How do you preach hope on Sunday knowing disproportionate numbers of Black people are dying from Covid-19? Some of whom died after being sent home because their symptoms were deemed non-life-threatening. How do we explain these tense times to our children? We need help with the right words. We need therapy to sort out anger, rage, shame, disillusionment, frustration, fear, and fleeing faith.

New Voices Arise

Then, in the summer, we lost three great voices, dedicated witnesses and soldiers: Congressman John Lewis, the Rev. C. T. Vivian, and Dr. Thomas Freeman, a debate coach at Texas Southern University. They died within a month of each other. Their deaths mark the end of an era. New voices arise. What do we tell our babies?

I point to a painting by George Frederic Watts, his 1886 work entitled Hope. Watts depicts a blindfolded woman sitting on a globe, playing the lyre though it has only a single string remaining. The Chicago pastor of a young Barack Obama heard about the painting in a lecture by the Rev. Dr. Frederick G. Sampson at Virginia Union University School of Theology. Pastor Jeremiah Wright returned to Chicago. He preached about the art. His sermon, “Audacity to Hope,” inspired the man who became the first Black president of the United States of America.

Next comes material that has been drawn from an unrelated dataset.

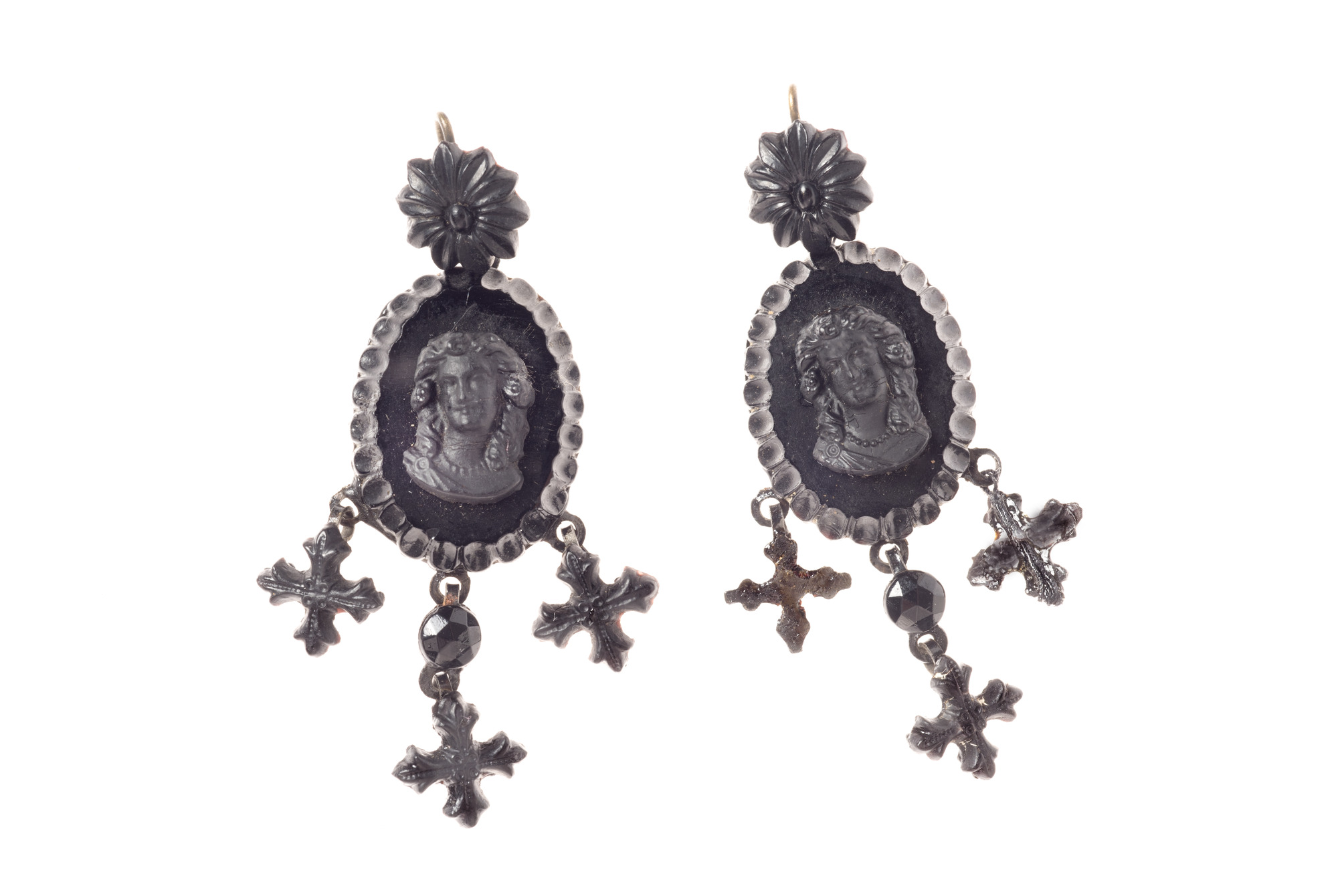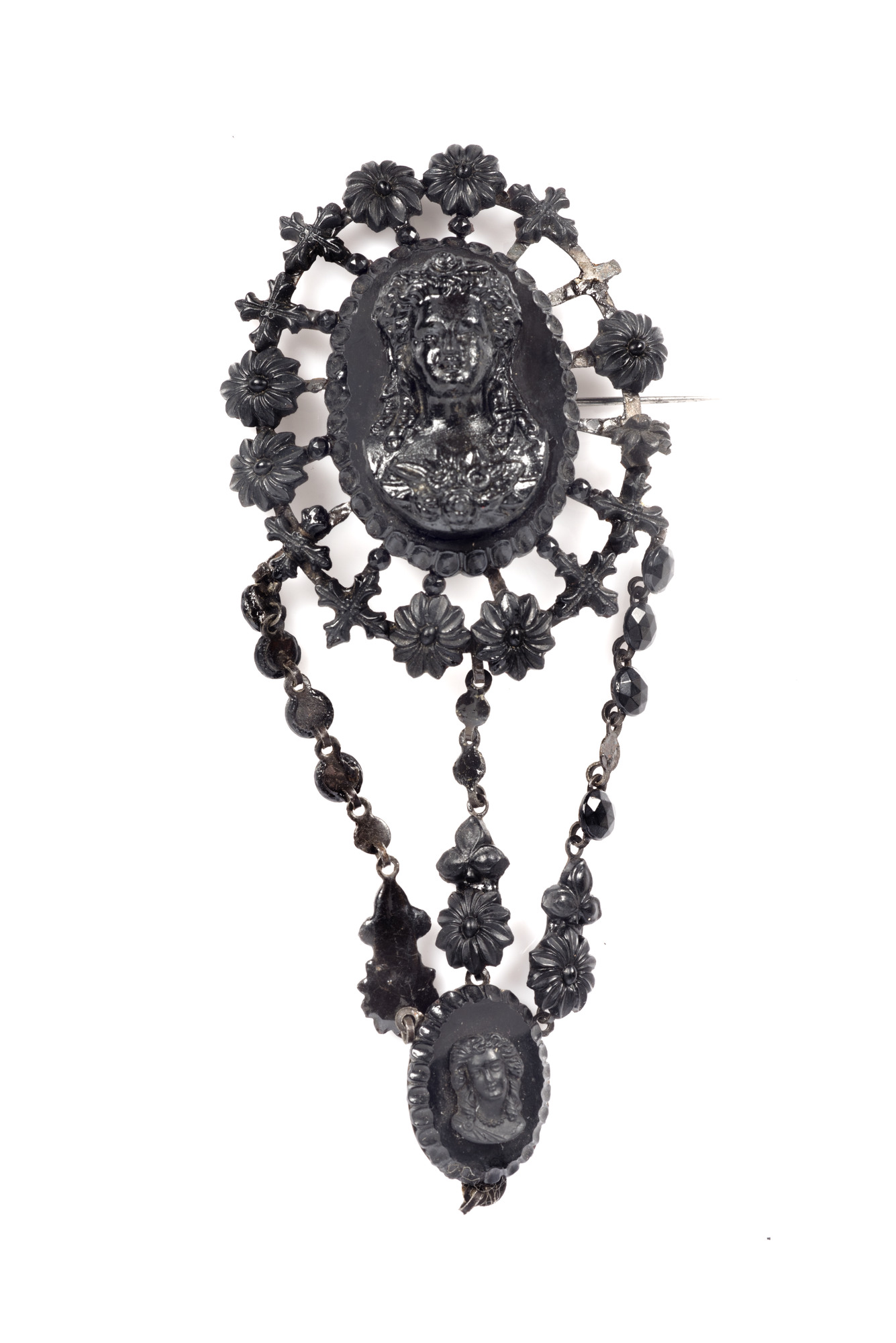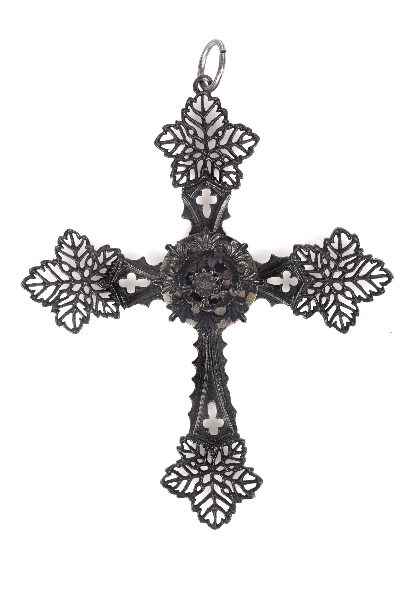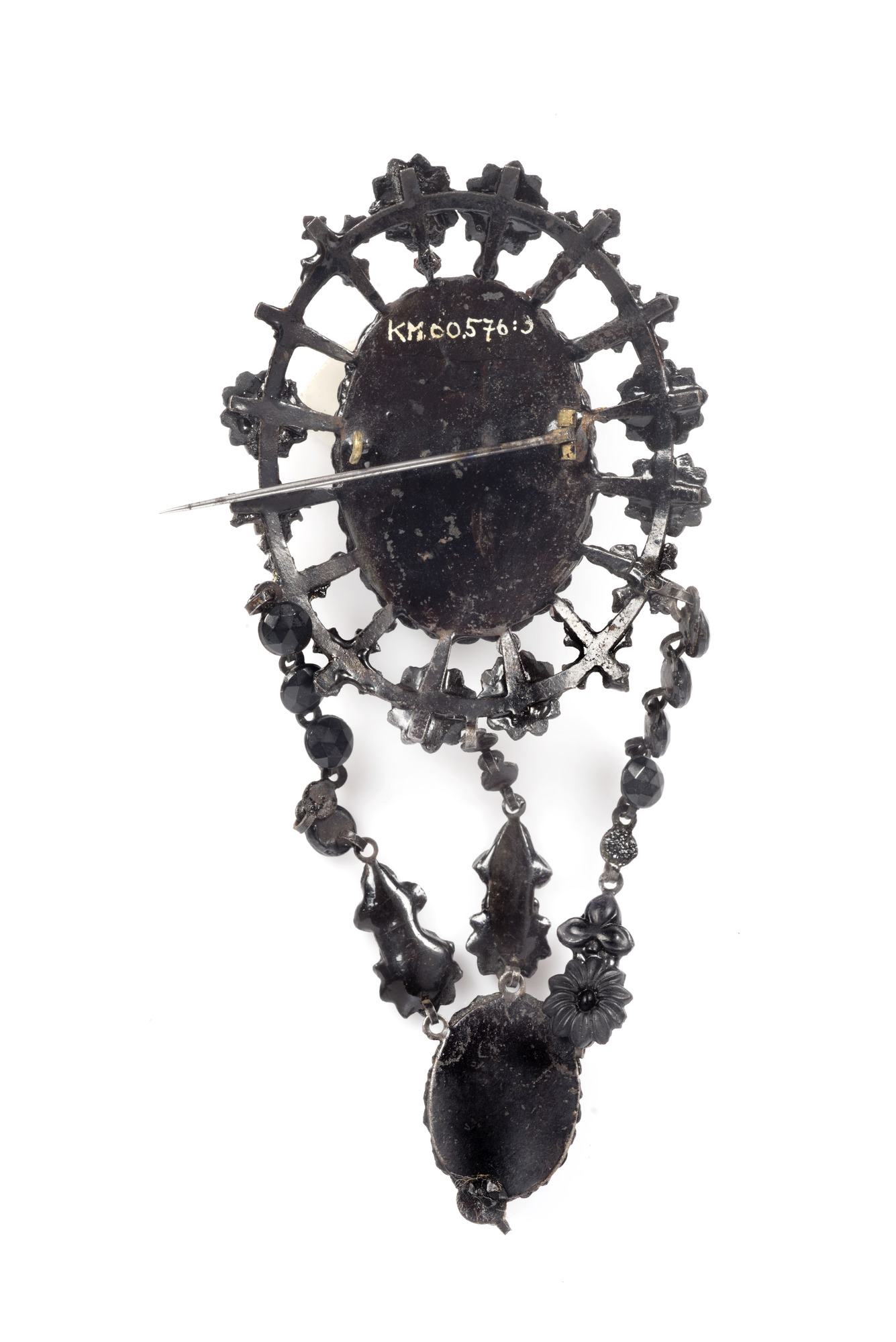 Svart. Brosch med kvinnobyst och kedjor, örhängen med kvinnobyst och kors, stort hängkors.

What do we tell our babies? No matter how dire the circumstances, there is always hope. Dr. Sampson was one of my mentors. He once told me over lunch that the painting is a study in contradictions: “The woman is sitting on top of the world yet all you see is pain and despair.” Sampson told me with his classic smile, “If you look at the horizontal that is all you will see. But look up at the vertical, Ashley, and you notice in the painting a few notes are heaven-bound.” If our gaze is focused only on the earthly, we have little reason to hope. But tell our babies, look up toward heaven. Send a few notes up to the God of all comfort even as you take up the hard, dangerous work of earthly reform. Trust in the living God and never give up hope. 

The Rev. Willard C. Ashley, Sr. ’84 M.Div. (ANTS), ’92 D.Min. (ANTS) is a trustee of Andover Newton Seminary at Yale Divinity School. He is pastor of Abundant Joy Community Church in Jersey City, NJ. A certified psychoanalyst, he is the author of several books, including Rules for 21st Century Radicals, forthcoming from Judson Press in 2021.